Polygenic Risk Score Tools Notebooks Workflow

Polygenic Risk Score Tools Notebooks Workflow#

Notebooks for each tool are organized in the following format:

Documentation/GitHub/Tool Link

Modified the GWAS file as required by the specific tool.
PRS tools expect the GWAS file to:
- Be in a specific format.
- Have specific headers.
- GWAS should be in a specific format before it is passed to Notebook/Code.
Continuous phenotypes: Ensure the BETA (effect size) column is in the GWAS.
Binary phenotypes: Ensure the OR (odd ratio) column is in the GWAS.

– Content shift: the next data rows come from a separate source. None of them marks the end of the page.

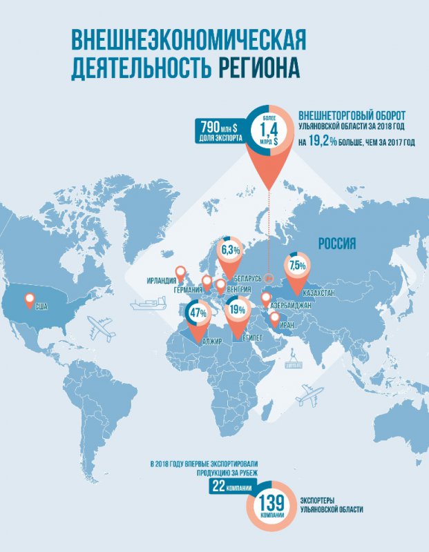 Всего экспортерами Ульяновской области являются более 139 организаций. Из них 22 компании в 2018 году впервые реализовали свою продукцию за рубеж.
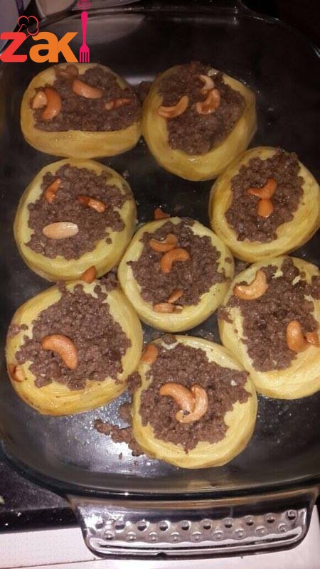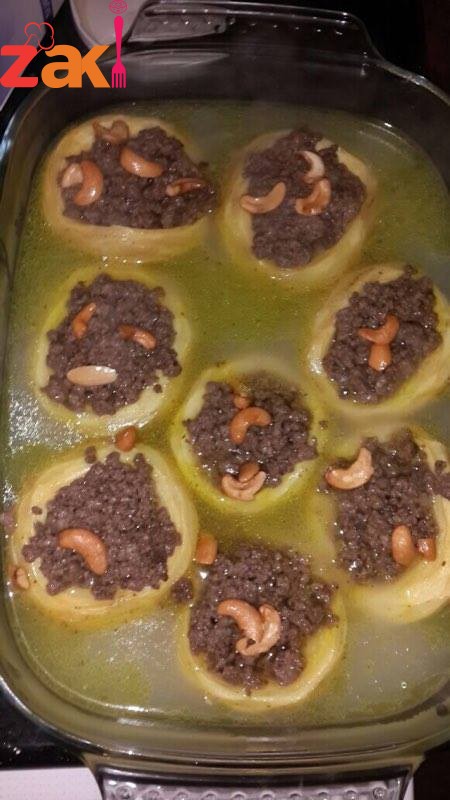 ثم تسلق نقلي اللحمة و نضع البهارات و الملح عليها عندما تستوي الأرضي شوكة تنشل و توضع بالبيركس و توضع اللحمة بداخل كل قرص ثم يوضع من ماء السلق عليها
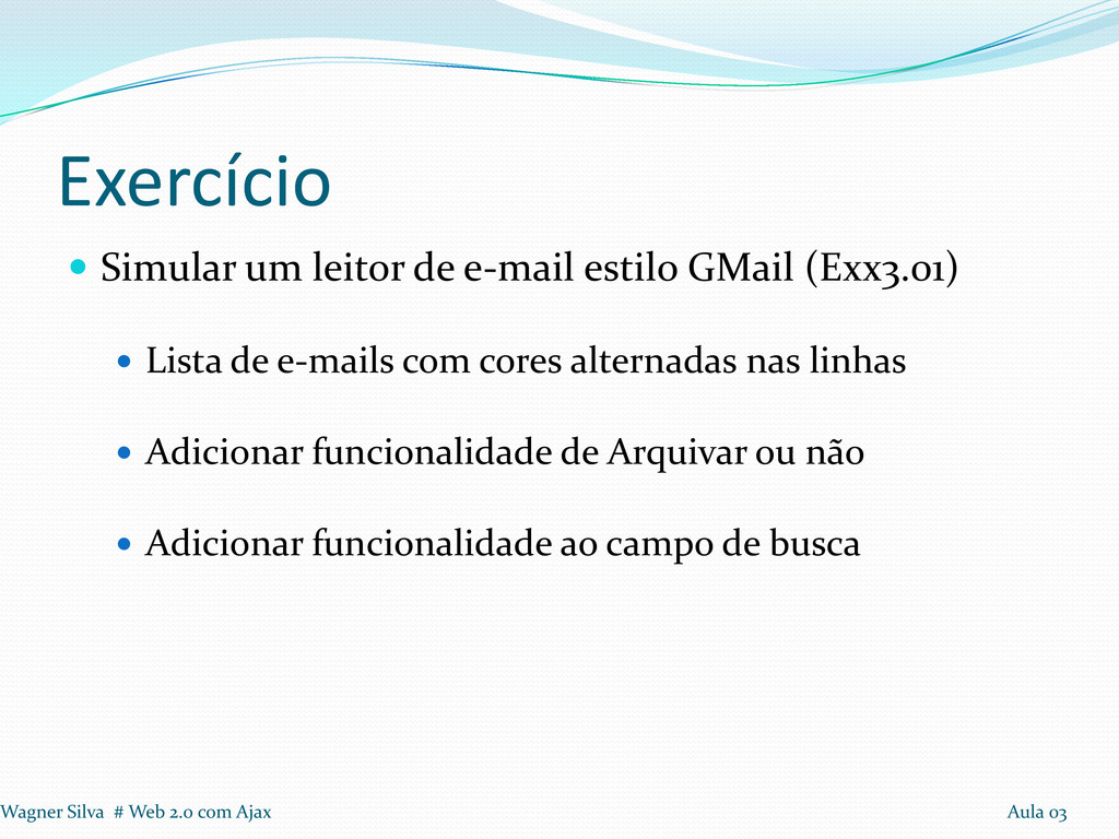 Lista de e-mails com cores alternadas nas linhas Adicionar funcionalidade de Arquivar ou não Adicionar funcionalidade ao campo de busca Wagner Silva # Web 2.0 com Ajax Aula 03
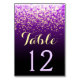 Luzes espumantes no céu com número de mesas de casamento roxas colocam cartão com luzes amarelas brancas e pálidas que brilham sobre fundo de gradiente roxo. Este convite de casamento moderno, elegante e na moda faz parte de uma coleção de casamentos ou conjunto e é completamente personalizável perfeito para um casamento de verão ou de inverno.

Specified clumping and pruning parameters for the genotype data.
Defined the number of principal components (PCA).
Defined the number of p-value thresholds (More p-values, better results. PRS is calculated for each p-value threshold. Combined PRS with covariates and PCA for the final prediction).
Specified the fold number for which the code should be executed.

Defined a function to calculate PCA from the genotype data.
Defined a function to perform clumping and pruning.
Defined a function to fit the binary phenotype using logistic regression (LOGIT).
- Merges covariates, PCA, and PRS.
- One can use different regularization terms when fitting the model.
- One can use different evaluation metrics.
Defined a function to fit the continuous phenotype using ordinary least squares (OLS).
- Merges covariates, PCA, and PRS.
- One can use different regularization terms when fitting the model.
- One can use different evaluation metrics.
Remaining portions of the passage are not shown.